══ Materials provided

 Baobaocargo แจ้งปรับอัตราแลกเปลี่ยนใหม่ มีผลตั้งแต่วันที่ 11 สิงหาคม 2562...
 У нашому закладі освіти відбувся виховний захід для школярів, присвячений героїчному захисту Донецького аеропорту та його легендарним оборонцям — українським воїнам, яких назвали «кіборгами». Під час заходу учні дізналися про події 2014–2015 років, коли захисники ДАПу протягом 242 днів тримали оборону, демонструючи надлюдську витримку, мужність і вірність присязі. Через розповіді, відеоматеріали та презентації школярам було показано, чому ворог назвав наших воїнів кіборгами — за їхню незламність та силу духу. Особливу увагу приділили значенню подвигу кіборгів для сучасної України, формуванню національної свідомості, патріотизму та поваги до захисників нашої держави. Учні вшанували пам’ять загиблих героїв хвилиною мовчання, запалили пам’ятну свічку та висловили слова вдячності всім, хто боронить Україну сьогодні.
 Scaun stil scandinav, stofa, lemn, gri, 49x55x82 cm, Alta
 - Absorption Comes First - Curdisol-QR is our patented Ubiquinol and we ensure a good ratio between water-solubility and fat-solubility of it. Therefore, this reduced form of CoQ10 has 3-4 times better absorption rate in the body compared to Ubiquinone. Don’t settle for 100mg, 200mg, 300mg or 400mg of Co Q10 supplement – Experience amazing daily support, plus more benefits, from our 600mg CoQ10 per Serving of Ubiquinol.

════
══ Materials provided

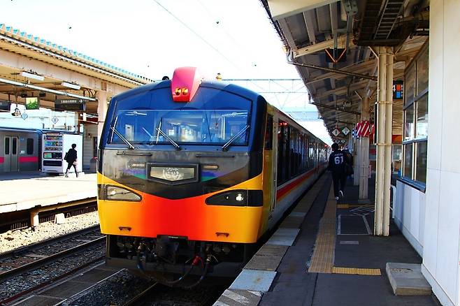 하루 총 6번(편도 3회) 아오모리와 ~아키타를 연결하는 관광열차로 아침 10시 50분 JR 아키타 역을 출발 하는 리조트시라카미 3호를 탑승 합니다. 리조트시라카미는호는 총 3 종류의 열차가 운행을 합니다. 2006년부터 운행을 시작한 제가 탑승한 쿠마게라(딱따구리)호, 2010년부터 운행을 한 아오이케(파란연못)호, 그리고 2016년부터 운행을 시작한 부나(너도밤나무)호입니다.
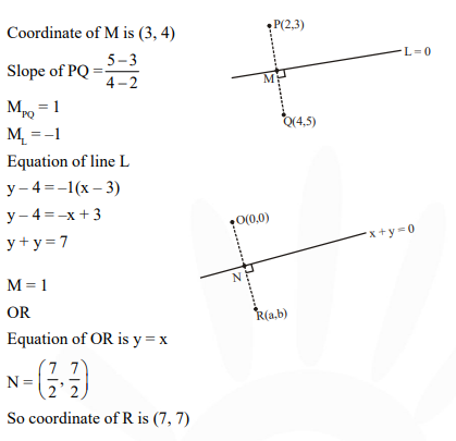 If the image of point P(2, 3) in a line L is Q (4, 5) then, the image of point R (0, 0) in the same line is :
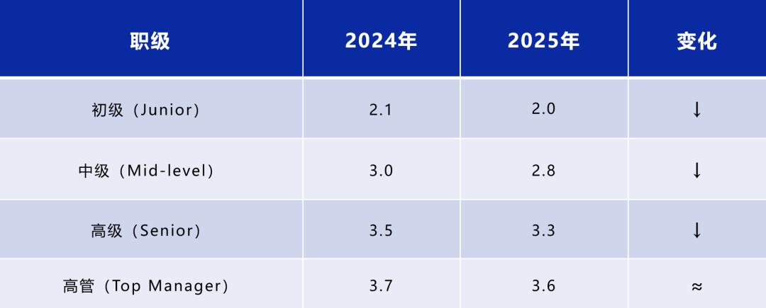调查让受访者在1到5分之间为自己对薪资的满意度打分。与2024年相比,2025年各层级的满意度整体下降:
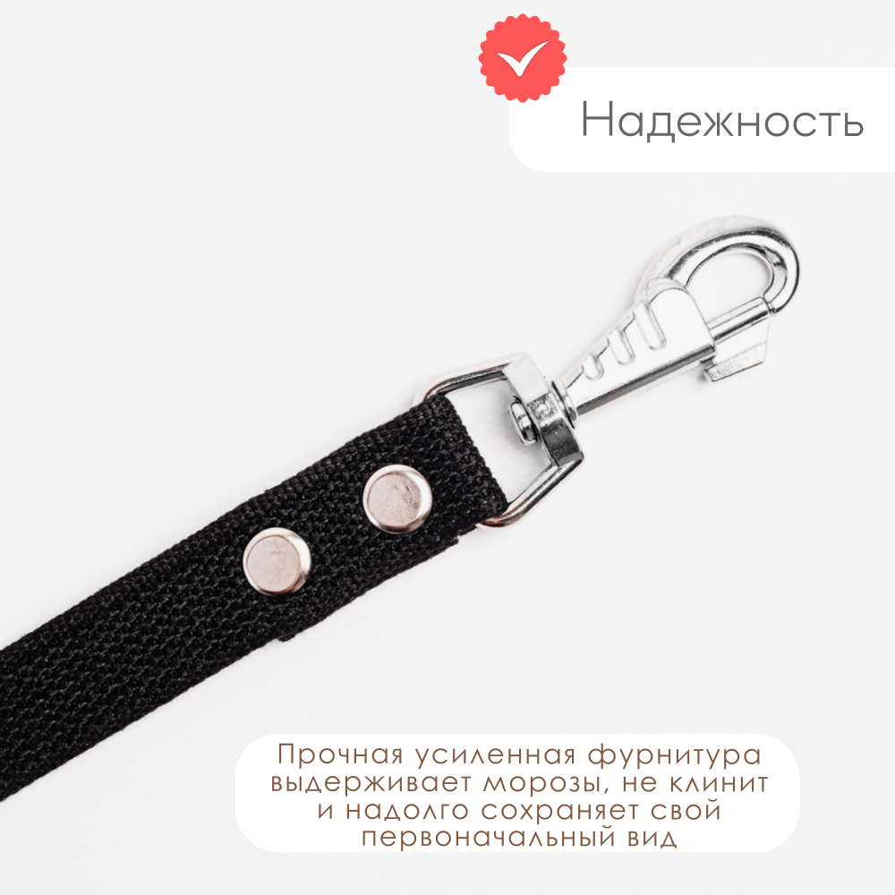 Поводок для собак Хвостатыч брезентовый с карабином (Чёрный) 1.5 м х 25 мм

════

» How to complete this task:
Starting at the line with "调查让受访者在1到5分之间为" and finishing at the line with "Поводок для собак", copy the material above exactly, both lines included. Nothing else goes in, and no pictures.

» Finished task:
调查让受访者在1到5分之间为自己对薪资的满意度打分。与2024年相比,2025年各层级的满意度整体下降:
 Поводок для собак Хвостатыч брезентовый с карабином (Чёрный) 1.5 м х 25 мм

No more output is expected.